{x}
blog image

Recover the Original Array

Alice had a 0-indexed array arr consisting of n positive integers. She chose an arbitrary positive integer k and created two new 0-indexed integer arrays lower and higher in the following manner:

  1. lower[i] = arr[i] - k, for every index i where 0 <= i < n
  2. higher[i] = arr[i] + k, for every index i where 0 <= i < n

Unfortunately, Alice lost all three arrays. However, she remembers the integers that were present in the arrays lower and higher, but not the array each integer belonged to. Help Alice and recover the original array.

Given an array nums consisting of 2n integers, where exactly n of the integers were present in lower and the remaining in higher, return the original array arr. In case the answer is not unique, return any valid array.

Note: The test cases are generated such that there exists at least one valid array arr.

 

Example 1:

Input: nums = [2,10,6,4,8,12]
Output: [3,7,11]
Explanation:
If arr = [3,7,11] and k = 1, we get lower = [2,6,10] and higher = [4,8,12].
Combining lower and higher gives us [2,6,10,4,8,12], which is a permutation of nums.
Another valid possibility is that arr = [5,7,9] and k = 3. In that case, lower = [2,4,6] and higher = [8,10,12].

Example 2:

Input: nums = [1,1,3,3]
Output: [2,2]
Explanation:
If arr = [2,2] and k = 1, we get lower = [1,1] and higher = [3,3].
Combining lower and higher gives us [1,1,3,3], which is equal to nums.
Note that arr cannot be [1,3] because in that case, the only possible way to obtain [1,1,3,3] is with k = 0.
This is invalid since k must be positive.

Example 3:

Input: nums = [5,435]
Output: [220]
Explanation:
The only possible combination is arr = [220] and k = 215. Using them, we get lower = [5] and higher = [435].

 

Constraints:

  • 2 * n == nums.length
  • 1 <= n <= 1000
  • 1 <= nums[i] <= 109
  • The test cases are generated such that there exists at least one valid array arr.

Solution Explanation

This problem asks us to recover the original array arr given an array nums containing elements from lower and higher arrays. lower[i] = arr[i] - k and higher[i] = arr[i] + k, where k is an unknown positive integer.

The solution uses a brute-force approach with several optimizations.
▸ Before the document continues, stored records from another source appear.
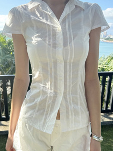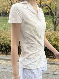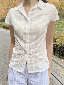 カレッジスタイルのレースステッチチェック柄トップ女性の夏のガーリーな気質多用途ポロカラー半袖シャツ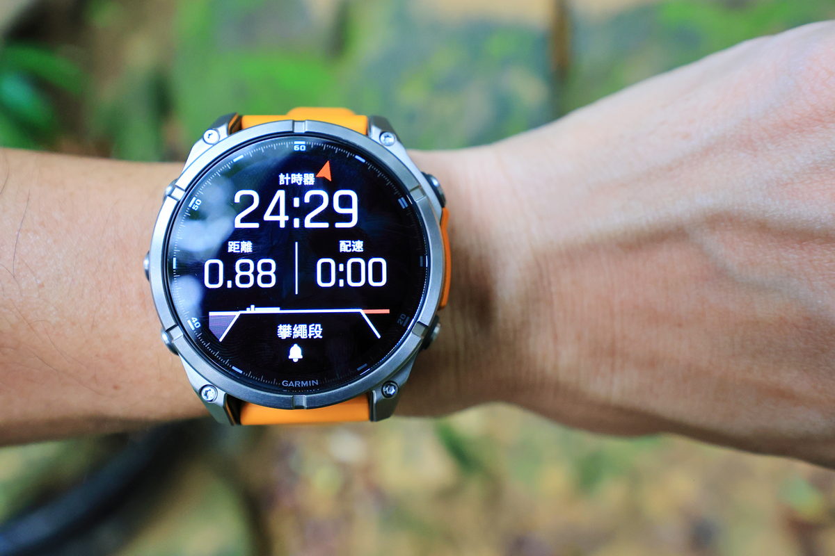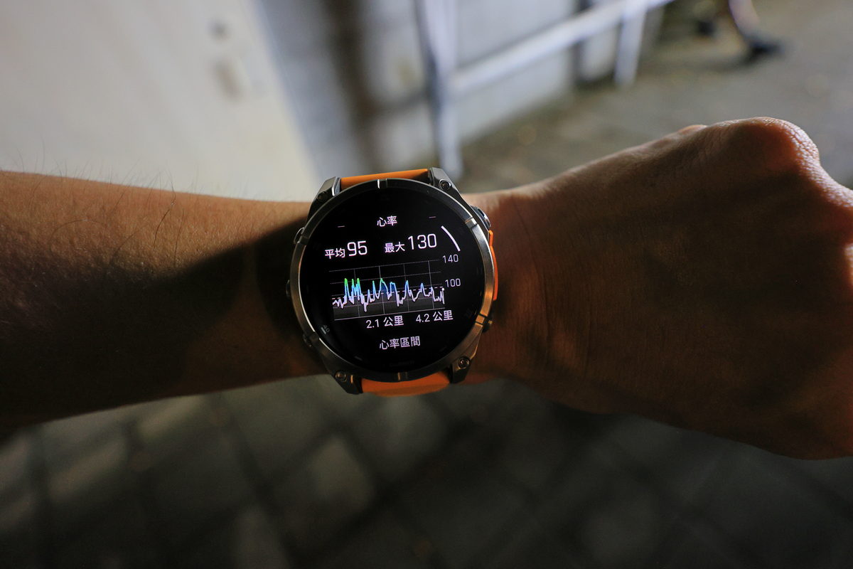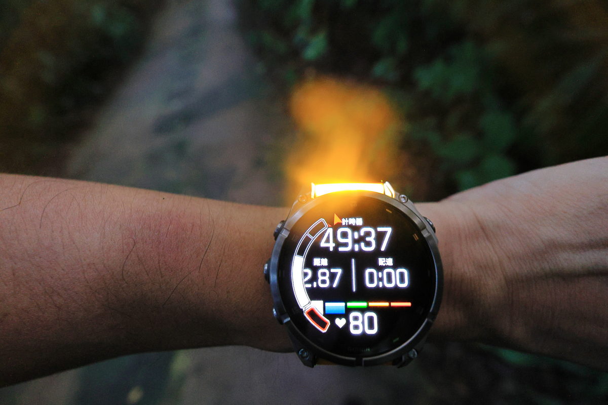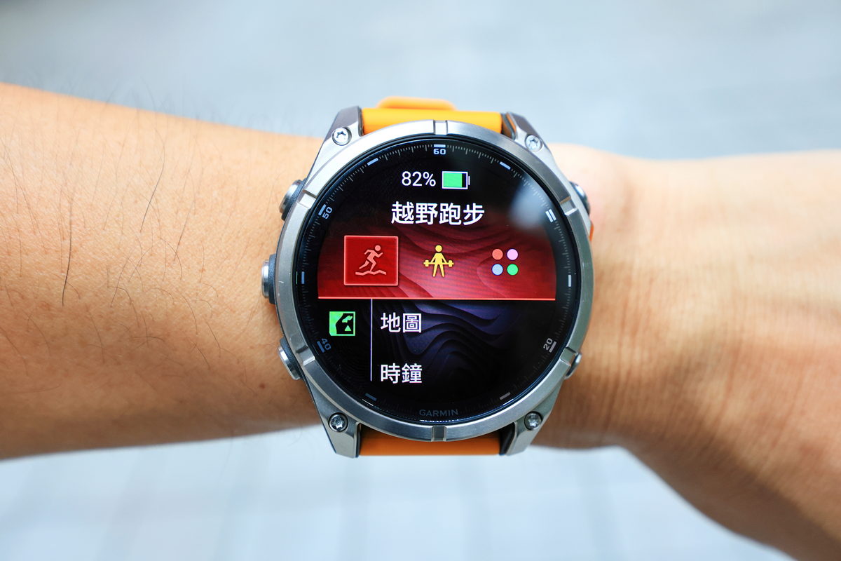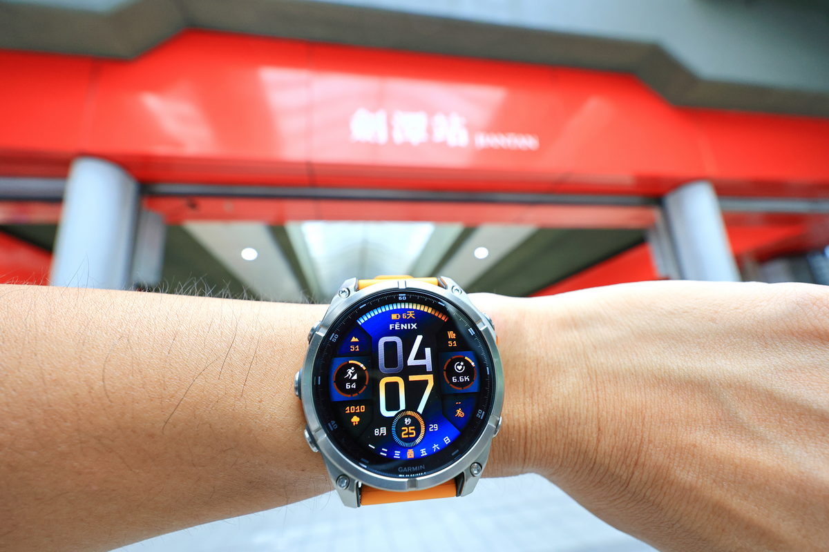 將FĒNIX 8戴在手上後,除了鮮明的錶帶配色之外,這次體驗的錶款更是首次搭載AMOLED螢幕的版本,因此錶面不僅呈現更繽紛絢麗的飽和度與對比度之外,同時FĒNIX系列向來強調錶有著有多元資訊顯示的性能,也因AMOLED螢幕的加持下,無論主要資訊的大字,或是輔助資訊的小字,皆有著清晰細緻的顯示呈現,這對於隨著年齡增長,視力逐漸老化的我來說,更是相當舒服辨識的暢快感受。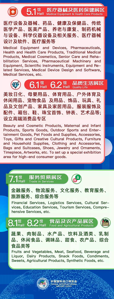 以下為第二屆進(jìn)博會(huì)5個(gè)板塊7個(gè)展區(qū)的詳細(xì)情況: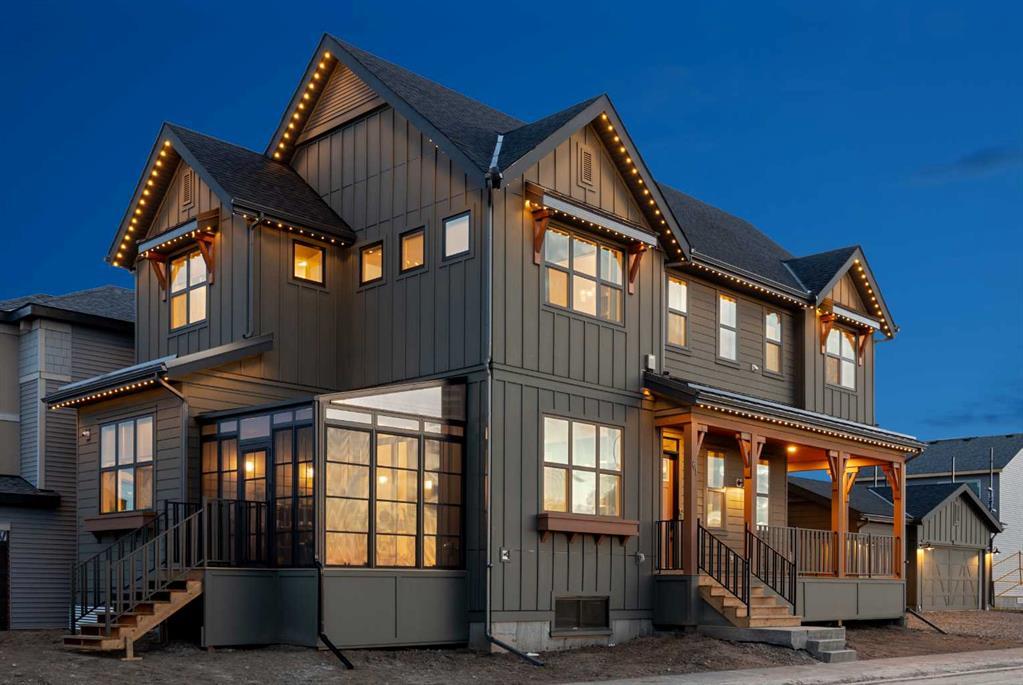 OPEN HOUSE CANCELLED | A once in a lifetime opportunity to own this expertly crafted and artfully curated fully furnished NEW home in the coveted community of Rangeview – Calgary’s first farm to table community. Featuring over $200K in upgrades and the only triple car garage and three season room in the community, this home is unmatched and irreplaceable. Striking curb appeal greets you from this oversized corner lot with modern farmhouse design and full Hardie-board exterior with custom wood and metal accents. Gemstone exterior lighting illuminates the home’s timeless architectural peaks. The front porch welcomes you to the inviting and professionally designed interior. 10-foot ceilings accentuate the open floorplan and draw you in to the chef’s kitchen with high-end Fulgor – Milano appliances and custom built-ins throughout. A large island with quartz countertops features a farmhouse apron sink with wand faucet and built-in pet station. A gas range with custom hood fan, matching quartz slab backsplash and wall oven round out this impressive kitchen. True to the essence of the community the walkthrough pantry/ mudroom area features a fridge specifically for cultivating herbs and spices. Entertaining is a dream from the adjoining dining room with custom drapery and access through sliding doors to a BBQ area on the front porch. Through the living room you can access a unique 3 season sunroom to enjoy long summer nights in Calgary. Rounding out the main floor is a fourth bedroom (currently designed as a gym) and a 3-piece bath with vertical stacked zellige tile, 10 mil glass shower and designer wallpaper. Luxury Vinyl Plank floors are featured throughout the main level and extend upstairs. A custom built-in library/ office nook introduces the second level with 3 bedrooms, a family room, 2 full bathrooms and 10-foot ceilings. The bright primary bedroom retreat is an oasis with coffered ceilings, 44inch built-in fireplace and windows on two sides. The spa-like ensuite has a beautiful standalone tub complemented by an enclosed glass rainfall shower, dual vanities, and a massive walk-in closet with floor to ceiling built-ins by California Closets. The bright upper family room features a beverage fridge and wet bar. The convenient upper laundry room offers built-ins and drying rack. The two generous sized bedrooms share a spacious 4-piece bathroom consistent with upgrades throughout the rest of the home. Air conditioning, 9-foot ceilings in basement, landscaping/driveway to be completed in summer – truly too many features to list in this masterpiece by reputable builder, Homes by Avi. Full New Home Warranty. This won’t last long – plant roots in Rangeview today!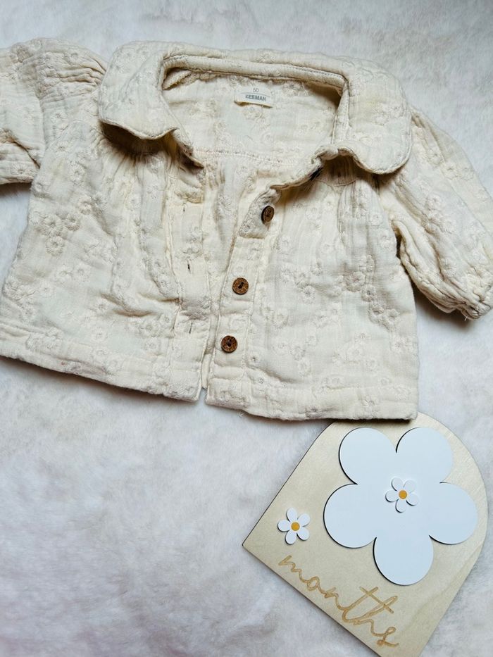Gilet avec petite fleure beige il a été porté 3x Super facile à enfiler grâce à ses manches bouffantes. Taille 50cm, mais taille grand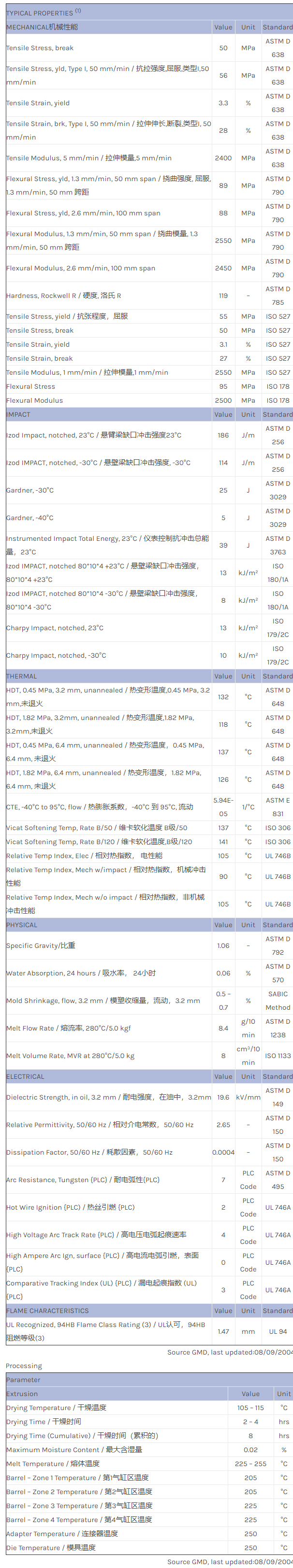 应用范围:产品描述NORYL PPO ENG265物性表挤塑级。DTUL(载荷下挠曲温度):254F (123C) UL94 V-1 额定值。相关色号:ENG265-8746S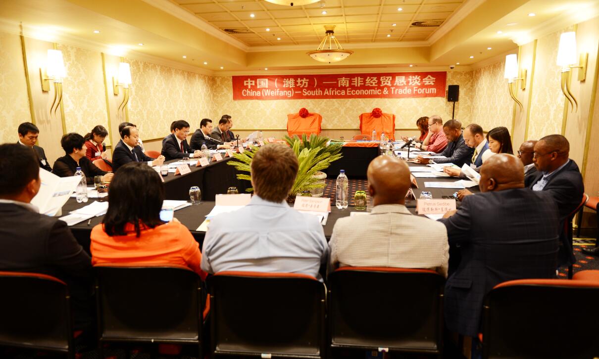 本次會議主旨“圍繞“一帶一路”建設(shè),積極推進(jìn)中國(濰坊)與南非在經(jīng)濟(jì)、貿(mào)易、文化、教育等方面的友好合作,推進(jìn)以華特磁電為首的濰坊先進(jìn)裝備制造業(yè)走進(jìn)南非,共同探討濰坊制造與南非礦業(yè)經(jīng)濟(jì)未來合作發(fā)展方向,進(jìn)一步促進(jìn)南非與中國(濰坊)兩地在經(jīng)貿(mào)、人才、文化、科技、金融、農(nóng)業(yè)等方面加快交流與發(fā)展”。

Here's a breakdown:

  1. Sorting: The input array nums is first sorted. This allows us to efficiently find pairs of numbers that could potentially represent lower[i] and higher[i] for some i.

  2. Iterating Through Potential k Values: The outer loop iterates through each element of nums (except the first) to check if the difference between it and the first element (nums[0]) can be a valid 2k. If the difference is not even or is 0, it's skipped because k must be a positive integer.

  3. Finding Pairs: For each potential 2k, a boolean array vis (or equivalent data structure in other languages) is used to track which elements of nums have been used. Two pointers l and r are employed to efficiently find pairs that differ by 2k. l starts at 1 (skipping the first element nums[0]). r starts from i+1 as nums[i] is already matched with nums[0]. The inner loop checks if the difference nums[r] - nums[l] is equal to 2k. If it's equal, it means we've found a pair (nums[l] and nums[r]) forming lower[i] and higher[i] for some i, and the corresponding element in the original array arr is calculated as (nums[l] + nums[r]) / 2.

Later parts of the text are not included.